The Department of Defense has announced a new initiative to more effectively secure the Defense Industrial Base (DIB) against cyber risks. This new initiative, called The Cybersecurity Maturity Model Certification, or CMMC, is aimed enhancing the protection of controlled unclassified information (CUI) within the supply chain. The need for a revised and more rigorous framework became apparent with several high-profile breaches of DoD information in recent years, especially as cyber threats from Nation State Actors are becoming more prevalent.
The CMMC model will be based on existing cybersecurity standards and best practices and will map these controls and processes across several maturity levels ranging from basic cyber hygiene (level 1) to advanced (level 5). The CMMC model expands on the current DFARS regulations (DFARS 252.204-7012) which are often self-assessed, and adding a verification component.

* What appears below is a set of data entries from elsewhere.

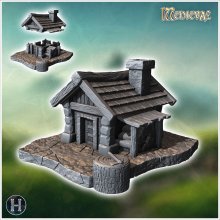 Medieval Building With Outdoor Fireplace, Two-Part Roof And Wooden Door (9) - Medieval Gothic Feudal Old Archaic Saga 28mm 15mm Rpg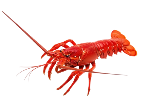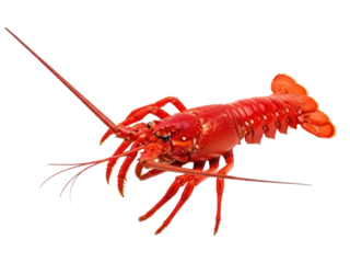 Isolated lobster freshly cooked, ready to eat with its beautiful red shell on display seafood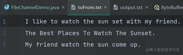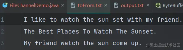 使用FileChannel读取数据之前需要先创建一个FileChannel实例,但我们无法直接创建,需要通过InputStream、OutputStream或者RandomAccessFile打开一个文件,然后使用getChannel方法获得。

With CMMC, part of the evaluation process will assess the technical controls contractors have implemented, in addition to policies and procedures documentation, as part of the evaluation process. Certified third-party companies, serving as auditors, will be needed to verify the contractor’s certification level. Companies with higher scores will be eligible to bid on a greater number of contracts and opportunities. The certification requirement will also flow down to all subcontractors, requiring a greater level of substantiation for primes.
All future Request for Proposals (RFP’s) will require a CMMC level. DoD is planning to release the first iteration of the CMMC framework in early 2020 and begin incorporating CMMC requirements into RFP’s by mid-2020.
To help contractors navigate these new requirements, the Office of the Under Secretary of Defense for Acquisition and Sustainment has created a dedicated website with information on the proposed CMMC framework, and FAQs. Some key highlights are:
The first implementation of the CMMC framework will focus only on DoD. This could be expanded once the program has been more thoroughly vetted.
CMMC will apply to all companies, and their subcontractors, doing business with the DoD requiring certification.
DoD is developing the CMMC framework by combining various existing cybersecurity standards, such as NIST SP 800-171, NIST SP 800-53, ISO 270001, and ISO 27032. This new model will go beyond merely measuring compliance and look at the organization’s institutionalization of cybersecurity best practices.
The CMMC levels will range from 1 as basic cyber hygiene to 5 advanced. These levels will determine contractor’s eligibility to bid on RFP’s. DoD will determine what level is required on a per contract basis, based on the scope of the project, data sensitivity and potential cyber threats.
Certifications will largely need to be carried out by 3rd party auditors. Some higher-level assessments may require government assessors, including requiring activity personnel, the Defense Contract Management Agency (“DCMA”), and the Defense Counterintelligence and Security Agency (“DCSA”). As of yet, it has not been disclosed what qualifies as a higher-level assessment.
Organizations currently doing business with DoD should start exploring CMMC certification to ensure there is no interruption of contract awards or other business opportunities. Undergoing a thorough evaluation and risk assessment will further help improve an organizations certification score. Incorporating proper enterprise risk management practices and response plans will be integral to achieving higher level certifications.